Hey, I gotz one of these cool cars recently!
crystal red ltz rs w/pioneer & sunroof. ordered 1/21/2011, delivered/bought 4/6/2011.
garage has some so so pics. been driving turbo datsun z's for decades, got an '07 solstice gxp when they 1st splashed due to turbo addiction. not to get off topic but lnf is quite a gm masterpiece. love the creature comforts & mpg in the cruze.


----------



## Vetterin (Mar 27, 2011)

AF_mike said:


> *Welcome to the Official Chevy Cruze Owners Thread! *
> 
> Own a Chevy Cruze? Post the year, model, color, features or even factory production number about your Cruze here to share with other Cruze owners.

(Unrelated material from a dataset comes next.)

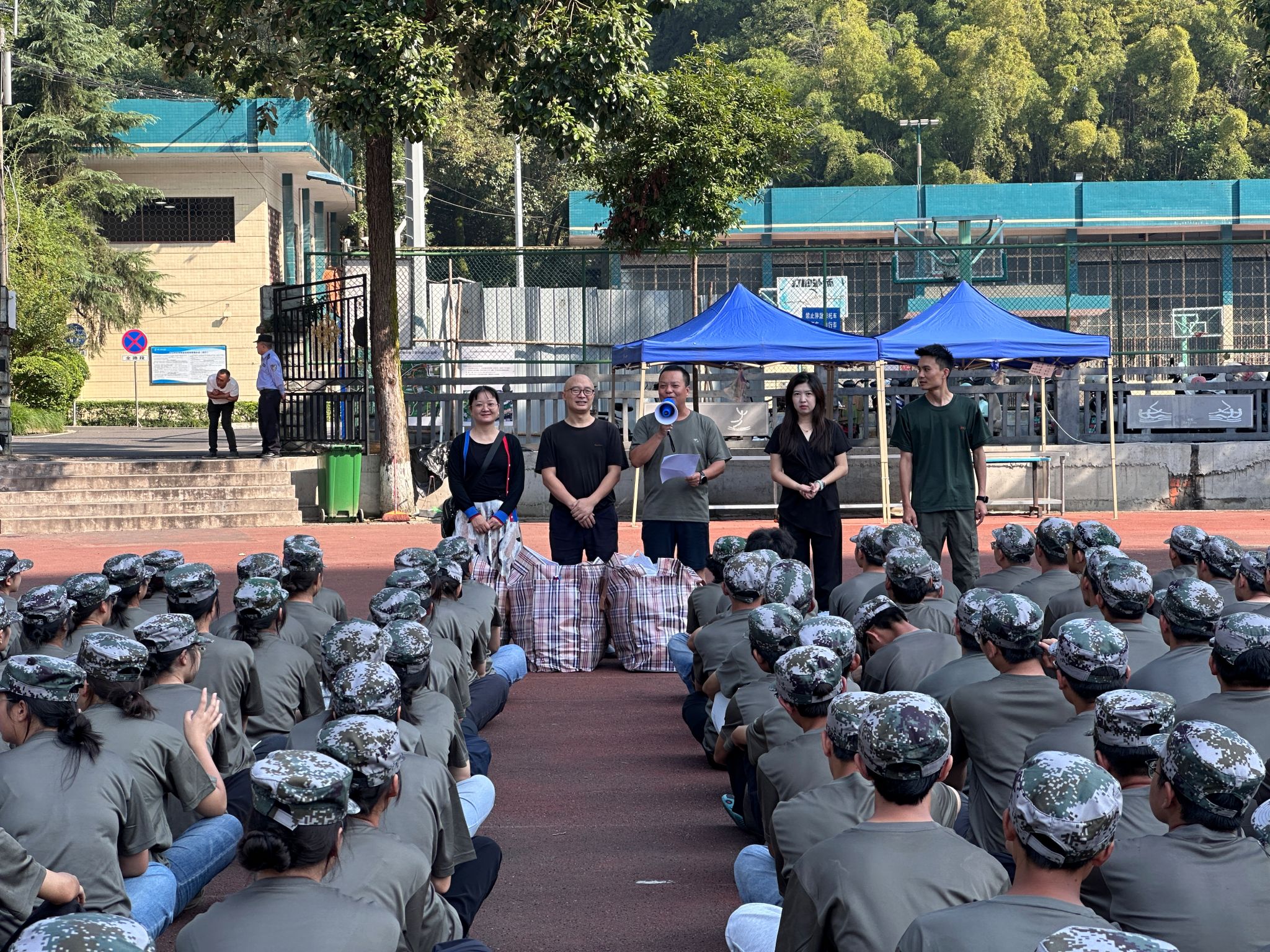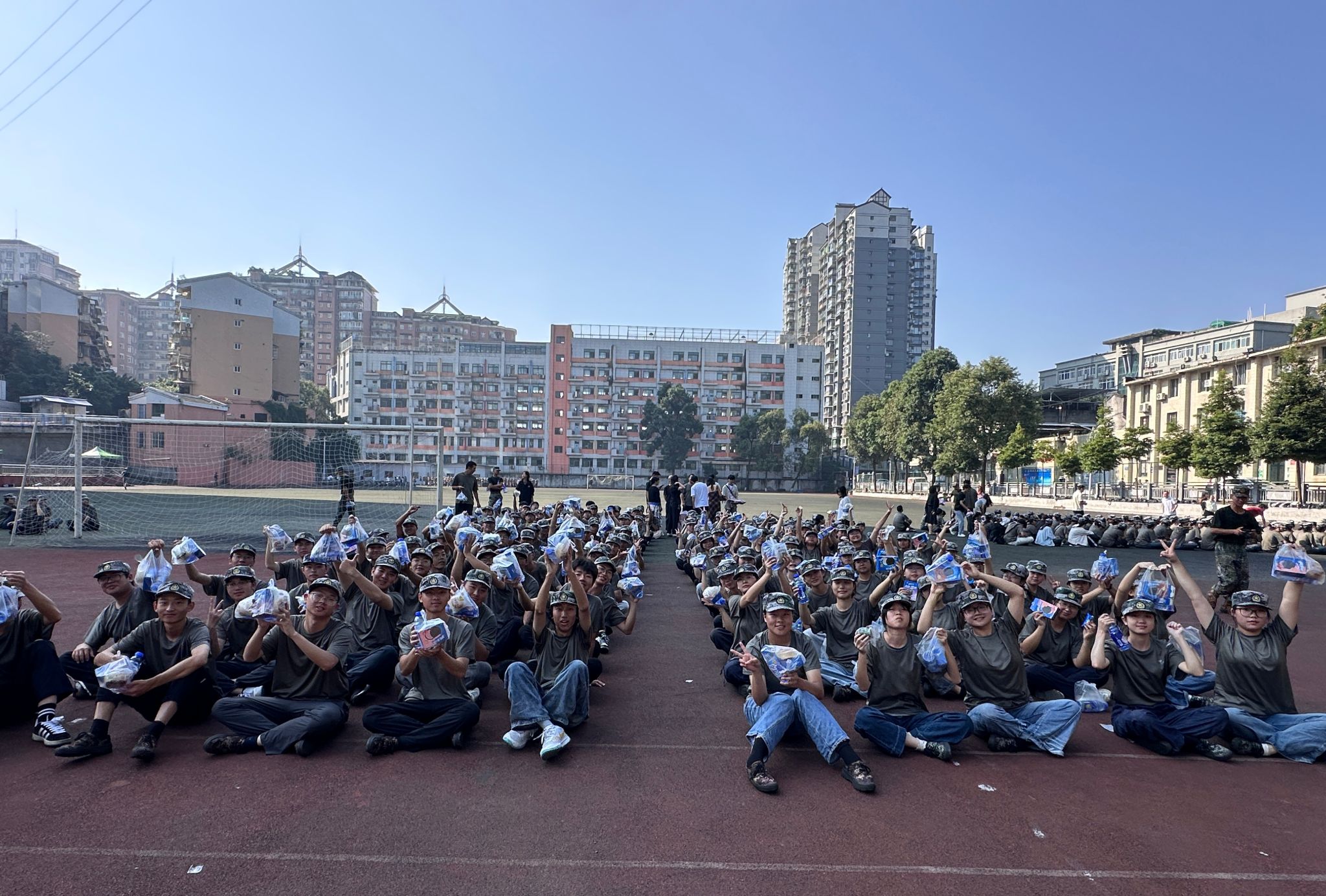 训练间隙,学院领导和老师亲手将饮料、面包、饼干等慰问品递到新生手中,指尖传递的不仅是补给,更是满满的牵挂。“感觉晒黑了,训练累不累?”一句句朴实又贴心的询问,像家人般驱散了新生们的疲惫,让训练场瞬间充满暖意。

Hey Mike.....now that we have so many members what to think about having a poll as to which model we all have?


----------



## 70AARCUDA (Nov 14, 2010)

Vetterin said:


> Hey Mike.....now that we have so many members what to think about having a poll as to which model we all have?


...done.


----------



## 70x7 (Apr 24, 2011)

2011, dark blue. ECO MT.
Albuq, NM


----------



## jsusanka (Jan 31, 2011)

Bought this past Thursday.
Been raining ever since and had to go to basement one night cause of Tornados

anyway was able to take the pin stripes and dealer sticker off and looks way better - next will be the badges. why do dealers waste time putting pin stripes and bumper sticker advertisements on a 20,000 dollar car. just blows my mind. I didn't pay for them and wasn't going to so don't know why they bother.

anyway

bought a 
2011 Cruze 1LT
Gold Mist Metallic
connectivity plus cruise pkg.
1LT Driver convenience package
16" Alloy Wheels
Compact Spare.


----------



## iKermit (Dec 13, 2010)

Missed this topic! :O

Bought January of 2011
2011 Cruze LS
Metallic Black.

Added as of 4/28/11:
35% Tints Front

Coming soon:

Injen Intake shipping May 9.
Black Chevrolet Cruze overlays, shipping tomorrow.
De-badging this weekend


----------



## justacruzin (May 5, 2011)

Proud new owner
ice blue/black
LT1
W Wisconsin/SE Minnesota


----------



## Jed09 (Oct 27, 2010)

Been busy as of late, But I'm back. Anyways, I think "Purple" is a nice CRUZE color.


----------



## Kaimumma (Apr 14, 2011)

2011 Chevy Cruze LTZ w/ RS package 
-1.4L Turbo
-Imperial Blue, black leather interior with silver trim
-18" OEM rims
-Navigation package w/ 9 speaker Pioneer Stereo.
-Spare tire in the trunk.


----------



## gman19 (Apr 5, 2011)

On order...

2012 LTZ Crystal Red Tintcoat
Cocoa/Light Neutral interior
Illuminated sill plates.
Sunroof.
Pioneer upgrade with Navigation.
RS Package

Also on order:
Ingen CAI/SR kit


----------



## Big Tom (Mar 8, 2011)

Jed09 said:


> Let's make CRUZETALK stickers!
> 
> I would want those... since I want decals anyways. Nothing like representing CTc.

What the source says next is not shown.